> _EXERCISE DESCRIPTION_:
Retype exactly the lines below, starting with the line that contains "Перед київським вокзалом" and ending with the last line; leave out any pictures.

> _DATA_:
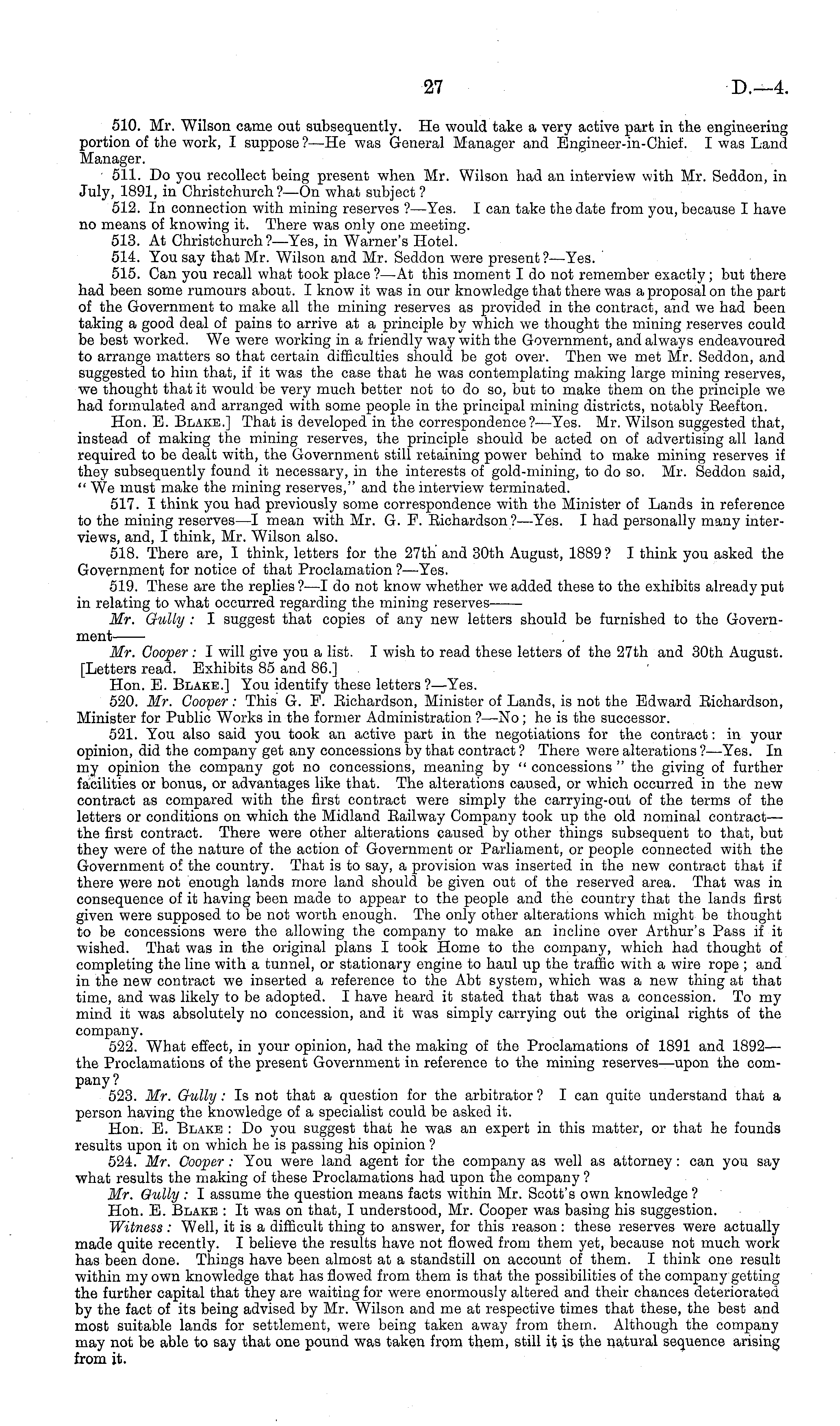 510. Mr. Wilson came out subsequently. He would take a very active part in the engineering portion of the work, I suppose ?—He was General Manager and Engineer-in-Chief. I was Land Manager. 511. Do you recollect being present when Mr. Wilson had an interview with Mr. Seddon, in July, 1891, in Christchurch ?—On what subject ? 512. In connection with mining reserves ?—Yes. I can take the date from you, because I have no means of knowing it. There was only one meeting. 513. At Christchurch ?—Yes, in Warner's Hotel. 514. You say that Mr. Wilson and Mr. Seddon were present? —Yes. 515. Can you recall what took place ?—At this moment Ido not remember exactly; but there had been some rumours about. I know it was in our knowledge that there was a proposal on the part of the Government to make all the mining reserves as provided in the contract, and we had been taking a good deal of pains to arrive at a principle by which we thought the mining reserves could be best worked. We were working in a friendly way with the Government, and always endeavoured to arrange matters so that certain difficulties should be got over. Then we met Mr. Seddon, and suggested to him that, if it was the case that he was contemplating making large mining reserves, we thought that it would be very much better not to do so, but to make them on the principle we had formulated and arranged with some people in the principal mining districts, notably Eeefton. Hon. E. Blake.] That is developed in the correspondence?— Yes. Mr. Wilson suggested that, instead of making the mining reserves, the principle should be acted on of advertising all land required to be dealt with, the Government still retaining power behind to make mining reserves if they subsequently found it necessary, in the interests of gold-mining, to do so. Mr. Seddon said, " We must make the mining reserves," and the interview terminated. 517. I think you had previously some correspondence with the Minister of Lands in reference to the mining reserves—l mean with Mr. G. F. Eichardson?—Yes. I had personally many interviews, and, I think, Mr. Wilson also. 518. There are, I think, letters for the 27th' and 30th August, 1889 ? I think you asked the Government for notice of that Proclamation ? —Yes. 519. These are the replies ?—I do not know whether we added these to the exhibits already put in relating to what occurred regarding the mining reserves Mr. Gully : I suggest that copies of any new letters should be furnished to the Government Mr. Cooper : I will give you a list. I wish to read these letters of the 27th and 30th August. [Letters read. Exhibits 85 and 86.] Hon. E. Blake.] You identify these letters ?—Yes. 520. Mr. Cooper: This G. F. Eichardson, Minister of Lands, is not the Edward Eichardson, Minister for Public Works in the former Administration ?—No; he is the successor. 521. You also said you took an active part in the negotiations for the contract: in your opinion, did the company get any concessions by that contract ? There were alterations ?—Yes. In my opinion the company got no concessions, meaning by " concessions " the giving of further facilities or bonus, or advantages like that. The alterations caused, or which occurred in the new contract as compared with the first contract were simply the carrying-out of the terms of the letters or conditions on which the Midland Eailway Company took up the old nominal contract— the first contract. There were other alterations caused by other things subsequent to that, but they were of the nature of the action of Government or Parliament, or people connected with the Government of the country. That is to say, a provision was inserted in the new contract that if there were not enough lands more land should be given out of the reserved area. That was in consequence of it having been made to appear to the people and the country that the lands first given were supposed to be not worth enough. The only other alterations which might be thought to be concessions were the allowing the company to make an incline over Arthur's Pass if it wished. That was in the original plans I took Home to the company, which had thought of completing the line with a tunnel, or stationary engine to haul up the traffic with a wire rope ; and in the new contract we inserted a reference to the Abt system, which was a new thing at that time, and was likely to be adopted. I have heard it stated that that was a concession. To my mind it was absolutely no concession, and it was simply carrying out the original rights of the company. 522. What effect, in your opinion, had the making of the Proclamations of 1891 and 1892— the Proclamations of the present Government in reference to the mining reserves—upon the company? 523. Mr. Gully: Is not that a question for the arbitrator ? I can quite understand that a person having the knowledge of a specialist could be asked it. Hon. E. Blake : Do you suggest that he was an expert in this matter, or that he founds results upon it on which he is passing his opinion ? 524. Mr. Cooper: You were land agent for the company as well as attorney: can you say what results the making of these Proclamations had upon the company ? Mr. Oully : I assume the question means facts within Mr. Scott's own knowledge ? Hon. E. Blake : It was on that, I understood, Mr. Cooper was basing his suggestion. Witness : Well, it is a difficult thing to answer, for this reason : these reserves were actually made quite recently. I believe the results have not flowed from them yet, because not much work has been done. Things have been almost at a standstill on account of them. I think one result within my own knowledge that has flowed from them is that the possibilities of the company getting the further capital that they are waiting for were enormously altered and their chances deteriorated by the fact of its being advised by Mr. Wilson and me at respective times that these, the best and most suitable lands
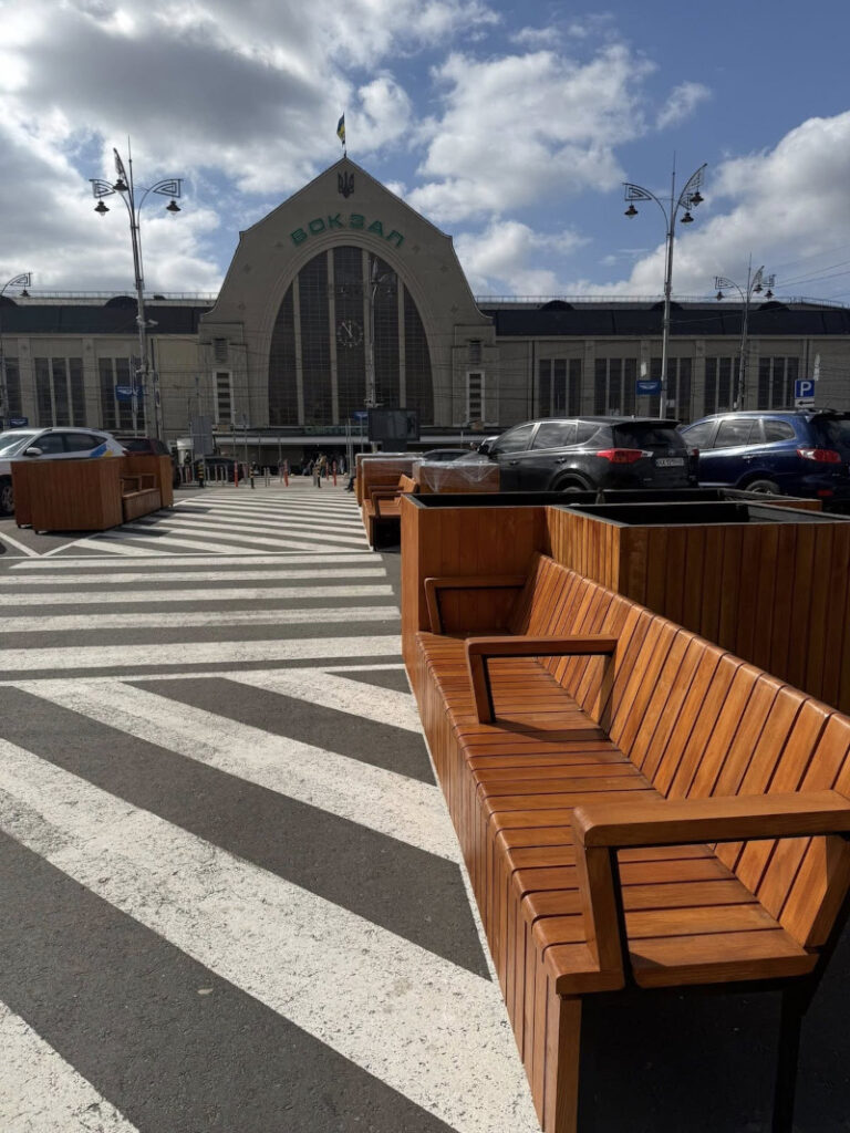Перед київським вокзалом встановили 10 парклетів на місці колишньої парковки.
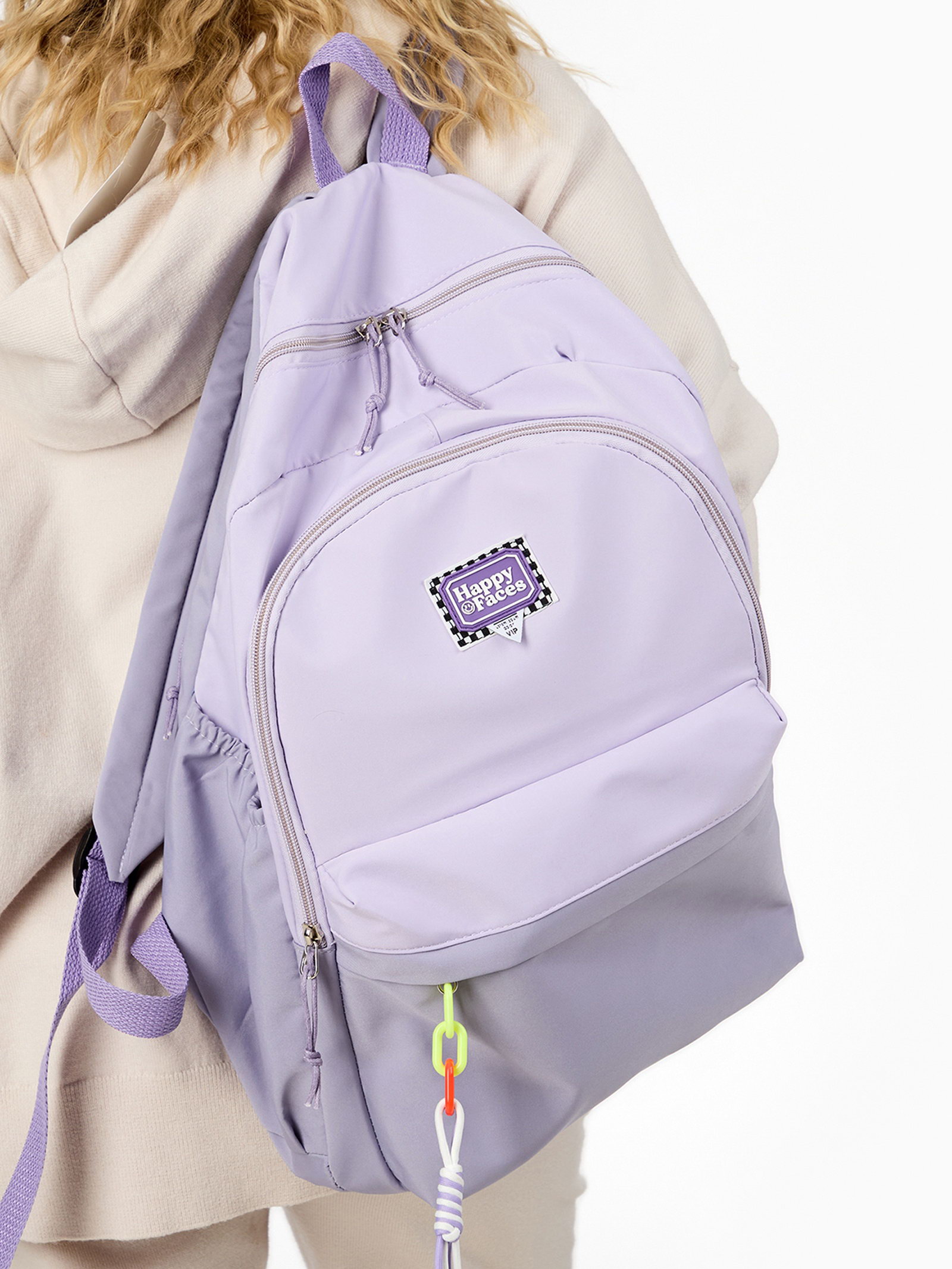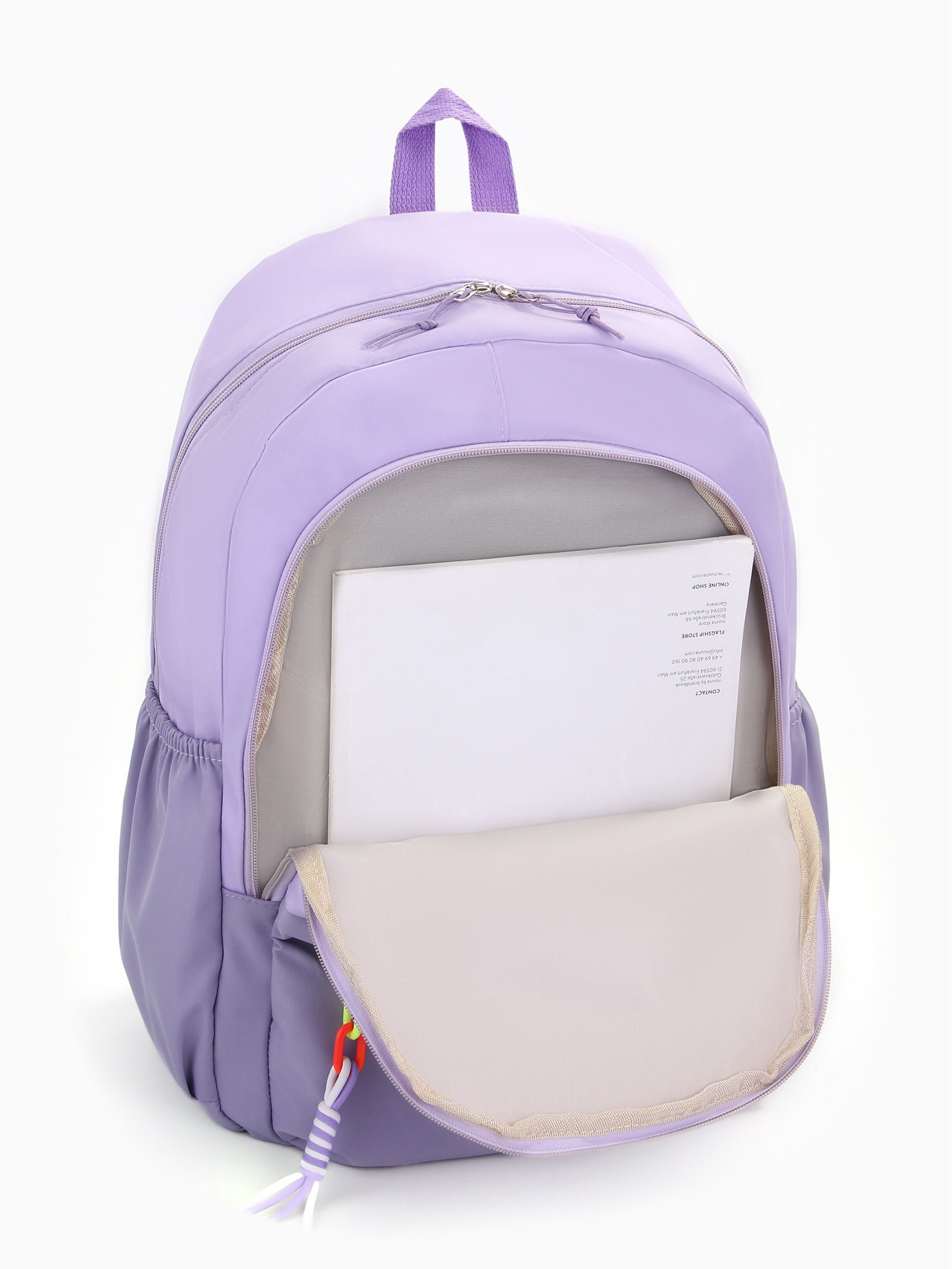 Рюкзак молодёжный на молнии, с карманами, двухцветный, размер 31x15x46 см, светло-сиреневый/сиреневый, 15x31x46 см., Китай

> _WRITTEN RESPONSE_:
Перед київським вокзалом встановили 10 парклетів на місці колишньої парковки.
 Рюкзак молодёжный на молнии, с карманами, двухцветный, размер 31x15x46 см, светло-сиреневый/сиреневый, 15x31x46 см., Китай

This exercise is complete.